3. Evaluation


3. Evaluation

First, we quantify the performance tradeoffs associated with alternative techniques that support a heterogeneous collection of multi-zone disks. While OLT1, OLT2, HTP, and HetFIXB were quantified using analytic models, HDD was quantified using a simulation study. We conducted numerous experiments analyzing different configurations with different disk models from Quantum and Seagate. Here, we report on a subset of our results in order to highlight the tradeoffs associated with different techniques. In all results presented here, we used the three disk models shown in Table 35.1. Both Barracuda 4LP and 18 provide a 7200 rpm while the Cheetah provides a 10,000 rpm. Moreover, we assumed that all objects in the database require a 4 Mbps bandwidth for their continuous display.

Figures 35.7, 35.8, and 35.9 show the cost per stream as a function of the number of simultaneous displays supported by the system (throughput) for three different configurations. Figure 35.7 shows a system that is installed in 1994 and consists of 10 Barracuda 4LP disks. Figure 35.8 shows the same system two years later when it is extended with 10 Cheetah disks. Finally, Figure 35.9 shows this system in 1998 when it is extended with 10 Barracuda 18 disks. To estimate system cost, we assumed: a) the cost of each disk at the time when they were purchased with no depreciation cost, and, b) the system is configured with sufficient memory to support the number of simultaneous displays shown on the x-axis. We assumed that the cost of memory is $7/MB, $5/MB, and $3/MB in 1994, 1996, and 1998, respectively. Additional memory is purchased at the time of disk purchases in order to support additional users. (Once again, we assume no depreciation of memory.) While one might disagree with our assumptions for computing the cost of the system, note that the focus of this study is to compare the different techniques. As long as the assumptions are kept constant, we can make observations about the proposed techniques and their performance tradeoffs.

click to expand
Figure 35.7: One Seagate disk model (homogeneous).

click to expand
Figure 35.8: Two Seagate disk models (heterogeneous).

click to expand
Figure 35.9: Three Seagate disk models (heterogeneous).

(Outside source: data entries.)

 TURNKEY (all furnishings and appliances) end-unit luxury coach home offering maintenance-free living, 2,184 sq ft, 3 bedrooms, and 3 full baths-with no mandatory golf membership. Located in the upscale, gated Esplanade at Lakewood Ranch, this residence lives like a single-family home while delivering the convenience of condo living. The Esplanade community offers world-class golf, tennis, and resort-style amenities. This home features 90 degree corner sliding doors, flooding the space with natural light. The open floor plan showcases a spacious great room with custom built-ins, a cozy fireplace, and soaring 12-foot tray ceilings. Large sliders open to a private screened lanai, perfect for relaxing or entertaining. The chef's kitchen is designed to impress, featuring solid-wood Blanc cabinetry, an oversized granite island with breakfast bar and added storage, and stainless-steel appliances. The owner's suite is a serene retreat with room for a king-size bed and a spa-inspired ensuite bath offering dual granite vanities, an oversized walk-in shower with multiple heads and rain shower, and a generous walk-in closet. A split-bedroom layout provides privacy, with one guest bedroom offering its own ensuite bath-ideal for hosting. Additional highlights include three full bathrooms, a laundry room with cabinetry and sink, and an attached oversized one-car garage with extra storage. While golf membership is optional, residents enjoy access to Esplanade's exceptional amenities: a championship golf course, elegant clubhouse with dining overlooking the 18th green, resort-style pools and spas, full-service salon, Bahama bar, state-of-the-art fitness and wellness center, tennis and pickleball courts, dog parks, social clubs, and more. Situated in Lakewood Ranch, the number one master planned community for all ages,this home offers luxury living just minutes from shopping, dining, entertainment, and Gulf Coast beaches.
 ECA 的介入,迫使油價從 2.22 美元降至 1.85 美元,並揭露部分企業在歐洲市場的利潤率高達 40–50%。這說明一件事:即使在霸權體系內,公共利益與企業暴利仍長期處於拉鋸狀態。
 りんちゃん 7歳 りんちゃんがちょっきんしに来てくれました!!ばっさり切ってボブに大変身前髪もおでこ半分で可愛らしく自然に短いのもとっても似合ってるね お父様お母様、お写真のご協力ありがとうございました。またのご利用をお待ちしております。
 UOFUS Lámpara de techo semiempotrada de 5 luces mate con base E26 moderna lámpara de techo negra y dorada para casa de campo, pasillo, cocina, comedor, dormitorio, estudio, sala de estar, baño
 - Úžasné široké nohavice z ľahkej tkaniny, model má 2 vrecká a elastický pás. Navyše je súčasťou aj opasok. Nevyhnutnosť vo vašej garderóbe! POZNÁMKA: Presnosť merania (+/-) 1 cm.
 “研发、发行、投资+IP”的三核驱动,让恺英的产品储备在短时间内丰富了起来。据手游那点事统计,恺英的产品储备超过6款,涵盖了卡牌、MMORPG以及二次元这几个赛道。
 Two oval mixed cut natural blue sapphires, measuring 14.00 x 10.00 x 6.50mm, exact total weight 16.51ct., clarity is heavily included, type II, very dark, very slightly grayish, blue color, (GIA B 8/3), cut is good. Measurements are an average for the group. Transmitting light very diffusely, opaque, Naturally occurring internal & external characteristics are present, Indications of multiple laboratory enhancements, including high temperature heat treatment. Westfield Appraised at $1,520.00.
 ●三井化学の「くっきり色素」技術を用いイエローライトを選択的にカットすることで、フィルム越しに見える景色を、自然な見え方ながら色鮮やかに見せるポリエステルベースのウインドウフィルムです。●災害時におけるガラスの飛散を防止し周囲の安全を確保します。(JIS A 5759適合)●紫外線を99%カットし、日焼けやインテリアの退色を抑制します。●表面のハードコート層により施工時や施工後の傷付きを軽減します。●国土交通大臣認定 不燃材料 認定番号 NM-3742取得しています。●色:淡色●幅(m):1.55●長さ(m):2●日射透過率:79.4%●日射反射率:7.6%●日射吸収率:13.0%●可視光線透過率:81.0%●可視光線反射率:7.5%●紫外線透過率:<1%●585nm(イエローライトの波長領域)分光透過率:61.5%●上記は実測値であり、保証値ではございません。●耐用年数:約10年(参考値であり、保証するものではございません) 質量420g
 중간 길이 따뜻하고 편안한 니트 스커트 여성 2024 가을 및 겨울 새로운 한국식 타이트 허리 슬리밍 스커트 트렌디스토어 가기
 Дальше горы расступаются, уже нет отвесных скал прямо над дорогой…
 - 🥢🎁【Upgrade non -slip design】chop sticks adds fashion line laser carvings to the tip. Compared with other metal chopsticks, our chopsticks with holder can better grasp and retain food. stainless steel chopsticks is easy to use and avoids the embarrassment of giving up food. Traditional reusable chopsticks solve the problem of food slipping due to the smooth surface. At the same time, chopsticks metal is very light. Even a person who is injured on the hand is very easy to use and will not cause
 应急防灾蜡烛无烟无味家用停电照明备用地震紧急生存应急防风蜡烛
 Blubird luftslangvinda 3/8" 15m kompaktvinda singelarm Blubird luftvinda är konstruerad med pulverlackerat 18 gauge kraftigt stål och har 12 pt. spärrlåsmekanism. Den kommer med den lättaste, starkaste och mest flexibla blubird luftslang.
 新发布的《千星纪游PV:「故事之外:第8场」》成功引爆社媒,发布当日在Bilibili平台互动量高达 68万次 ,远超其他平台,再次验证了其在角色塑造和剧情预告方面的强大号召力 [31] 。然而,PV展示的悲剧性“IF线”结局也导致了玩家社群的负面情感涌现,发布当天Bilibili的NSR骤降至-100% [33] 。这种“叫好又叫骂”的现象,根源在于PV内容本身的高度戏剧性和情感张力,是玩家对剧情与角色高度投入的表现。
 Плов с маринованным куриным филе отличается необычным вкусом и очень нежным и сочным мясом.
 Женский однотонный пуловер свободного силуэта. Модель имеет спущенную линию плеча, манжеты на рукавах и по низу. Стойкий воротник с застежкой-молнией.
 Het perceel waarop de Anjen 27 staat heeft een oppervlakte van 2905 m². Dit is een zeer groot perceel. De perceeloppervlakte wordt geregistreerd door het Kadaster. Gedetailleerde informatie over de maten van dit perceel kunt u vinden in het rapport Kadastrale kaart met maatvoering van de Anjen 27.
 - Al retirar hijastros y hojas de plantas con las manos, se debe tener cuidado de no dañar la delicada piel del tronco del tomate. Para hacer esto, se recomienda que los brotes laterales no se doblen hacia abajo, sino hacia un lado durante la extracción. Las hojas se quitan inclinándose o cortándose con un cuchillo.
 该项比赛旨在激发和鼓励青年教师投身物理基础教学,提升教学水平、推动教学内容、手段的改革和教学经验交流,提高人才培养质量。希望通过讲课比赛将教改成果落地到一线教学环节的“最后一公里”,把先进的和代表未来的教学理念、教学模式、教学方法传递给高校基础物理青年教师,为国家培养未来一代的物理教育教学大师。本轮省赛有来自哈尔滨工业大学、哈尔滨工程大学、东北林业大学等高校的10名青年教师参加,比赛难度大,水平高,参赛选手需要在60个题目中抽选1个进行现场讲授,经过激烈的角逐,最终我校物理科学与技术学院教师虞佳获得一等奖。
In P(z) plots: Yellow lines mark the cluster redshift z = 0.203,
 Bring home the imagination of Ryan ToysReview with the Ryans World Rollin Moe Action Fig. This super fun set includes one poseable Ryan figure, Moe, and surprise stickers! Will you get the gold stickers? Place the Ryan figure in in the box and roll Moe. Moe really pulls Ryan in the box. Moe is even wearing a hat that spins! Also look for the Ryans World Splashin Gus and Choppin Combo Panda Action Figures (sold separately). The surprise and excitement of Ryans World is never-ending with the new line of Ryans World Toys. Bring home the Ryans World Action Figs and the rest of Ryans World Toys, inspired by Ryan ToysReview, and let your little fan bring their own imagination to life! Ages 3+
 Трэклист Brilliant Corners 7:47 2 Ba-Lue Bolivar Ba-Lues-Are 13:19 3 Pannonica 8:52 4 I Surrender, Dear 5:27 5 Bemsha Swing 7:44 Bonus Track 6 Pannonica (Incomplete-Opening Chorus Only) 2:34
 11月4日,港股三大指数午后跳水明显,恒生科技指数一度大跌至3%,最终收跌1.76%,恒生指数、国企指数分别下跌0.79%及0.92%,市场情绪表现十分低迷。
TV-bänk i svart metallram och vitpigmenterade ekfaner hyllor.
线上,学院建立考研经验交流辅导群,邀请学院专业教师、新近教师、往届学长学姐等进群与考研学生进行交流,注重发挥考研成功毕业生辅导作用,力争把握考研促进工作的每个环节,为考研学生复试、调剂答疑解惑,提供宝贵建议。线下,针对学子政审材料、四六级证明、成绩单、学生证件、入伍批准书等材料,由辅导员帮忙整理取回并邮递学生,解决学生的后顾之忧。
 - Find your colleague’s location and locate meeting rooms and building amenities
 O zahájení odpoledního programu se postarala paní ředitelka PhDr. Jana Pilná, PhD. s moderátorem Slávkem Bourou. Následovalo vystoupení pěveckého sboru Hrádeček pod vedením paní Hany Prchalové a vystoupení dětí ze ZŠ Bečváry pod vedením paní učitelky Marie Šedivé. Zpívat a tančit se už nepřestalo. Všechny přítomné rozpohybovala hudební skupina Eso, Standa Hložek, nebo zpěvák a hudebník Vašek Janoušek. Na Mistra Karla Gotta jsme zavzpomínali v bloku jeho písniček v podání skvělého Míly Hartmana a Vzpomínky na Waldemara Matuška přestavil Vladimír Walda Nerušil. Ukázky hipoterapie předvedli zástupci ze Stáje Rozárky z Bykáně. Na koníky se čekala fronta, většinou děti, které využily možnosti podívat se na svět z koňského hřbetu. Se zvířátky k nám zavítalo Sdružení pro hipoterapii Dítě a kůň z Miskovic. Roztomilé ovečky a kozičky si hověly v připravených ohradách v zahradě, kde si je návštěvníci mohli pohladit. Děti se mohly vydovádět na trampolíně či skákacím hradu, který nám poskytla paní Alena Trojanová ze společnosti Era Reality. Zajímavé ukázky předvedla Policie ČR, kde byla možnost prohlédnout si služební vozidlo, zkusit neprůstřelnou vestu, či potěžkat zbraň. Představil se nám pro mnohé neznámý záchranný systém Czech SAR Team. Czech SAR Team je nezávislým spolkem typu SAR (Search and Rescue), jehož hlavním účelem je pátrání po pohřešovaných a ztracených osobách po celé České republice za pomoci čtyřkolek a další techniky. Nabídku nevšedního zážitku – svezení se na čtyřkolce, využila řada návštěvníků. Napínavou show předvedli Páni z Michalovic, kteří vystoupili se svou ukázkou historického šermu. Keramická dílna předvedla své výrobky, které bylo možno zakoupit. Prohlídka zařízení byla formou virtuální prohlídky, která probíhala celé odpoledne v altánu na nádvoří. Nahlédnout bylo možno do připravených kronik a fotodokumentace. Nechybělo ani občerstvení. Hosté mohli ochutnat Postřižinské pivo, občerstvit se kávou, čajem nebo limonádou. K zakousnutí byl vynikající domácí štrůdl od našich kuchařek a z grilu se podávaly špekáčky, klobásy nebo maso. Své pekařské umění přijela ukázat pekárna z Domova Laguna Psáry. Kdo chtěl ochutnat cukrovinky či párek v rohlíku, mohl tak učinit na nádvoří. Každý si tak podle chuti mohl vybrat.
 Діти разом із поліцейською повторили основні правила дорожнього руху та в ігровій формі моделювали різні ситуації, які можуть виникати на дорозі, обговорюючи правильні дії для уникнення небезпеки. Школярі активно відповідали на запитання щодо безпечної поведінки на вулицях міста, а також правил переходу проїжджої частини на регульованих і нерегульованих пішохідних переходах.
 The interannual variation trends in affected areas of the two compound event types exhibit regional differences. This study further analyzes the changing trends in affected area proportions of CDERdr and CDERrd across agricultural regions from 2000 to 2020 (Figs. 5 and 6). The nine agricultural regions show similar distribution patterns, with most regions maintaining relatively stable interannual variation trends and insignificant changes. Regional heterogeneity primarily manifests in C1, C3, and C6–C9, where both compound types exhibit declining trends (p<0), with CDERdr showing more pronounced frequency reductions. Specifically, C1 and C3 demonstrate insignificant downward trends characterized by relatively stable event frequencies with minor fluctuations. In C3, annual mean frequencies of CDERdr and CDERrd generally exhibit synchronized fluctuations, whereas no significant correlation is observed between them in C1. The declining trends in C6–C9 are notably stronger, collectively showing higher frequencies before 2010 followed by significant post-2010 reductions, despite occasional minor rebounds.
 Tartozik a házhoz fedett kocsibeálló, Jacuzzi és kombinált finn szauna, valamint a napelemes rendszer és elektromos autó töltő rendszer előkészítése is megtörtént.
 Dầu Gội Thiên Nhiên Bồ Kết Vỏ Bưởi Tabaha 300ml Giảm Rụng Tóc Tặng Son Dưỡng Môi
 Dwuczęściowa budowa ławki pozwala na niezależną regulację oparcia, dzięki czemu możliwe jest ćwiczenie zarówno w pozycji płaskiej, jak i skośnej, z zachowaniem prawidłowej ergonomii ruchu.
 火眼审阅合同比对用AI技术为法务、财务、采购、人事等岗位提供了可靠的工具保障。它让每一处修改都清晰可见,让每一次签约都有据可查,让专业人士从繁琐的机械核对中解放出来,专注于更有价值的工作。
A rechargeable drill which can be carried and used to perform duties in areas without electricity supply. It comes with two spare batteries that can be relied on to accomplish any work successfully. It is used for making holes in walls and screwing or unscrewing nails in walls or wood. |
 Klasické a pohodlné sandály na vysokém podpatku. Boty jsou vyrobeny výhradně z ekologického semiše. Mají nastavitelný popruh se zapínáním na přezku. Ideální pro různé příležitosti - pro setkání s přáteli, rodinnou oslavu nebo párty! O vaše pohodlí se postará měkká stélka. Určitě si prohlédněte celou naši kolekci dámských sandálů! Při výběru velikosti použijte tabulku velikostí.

In these experiments, OLT2 constructed logical zones in order to force all disk models to consist of the same number of zones. This meant that OLT2 eliminated the innermost zone (zone 10) of Barracuda 4LP, splitting the fastest three zones of Cheetah into six zones, and splitting the outermost zone of Barracuda 18 into two. Figure 35.9 does not show OLT1 and OLT2 because: a) their cost per stream is almost identical to that shown in Figure 35.8, and b) we wanted to show the difference between HetFIXB, HDD, and HTP.

Figures 35.7, 35.8, and 35.9 show that HetFIXB is the most cost effective technique; however, it supports fewer simultaneous displays as a function of heterogeneity. For example, with one disk model, it provides a throughput similar to the other techniques. However, with 3 disk models, its maximum throughput is lower than those provided by HDD and HTP. This is dependent on the physical characteristics of the zones because HetFIXB requires the duration of Tscan to be identical for all disk models. This requirement results in fragmentation of the disk bandwidth which in turn limits the maximum throughput of the system. Generally speaking, the greater the heterogeneity, the greater the degree of fragmentation. However, the zone characteristics ultimately decide the degree of fragmentation. One may construct logical zones in order to minimize this fragmentation; see [11]. This optimization is not reported because of strict space limitations imposed by the call for paper. It raises many interesting issues that are not presented here. Regardless, the comparison shown here is fair because our optimizations are applicable to all techniques.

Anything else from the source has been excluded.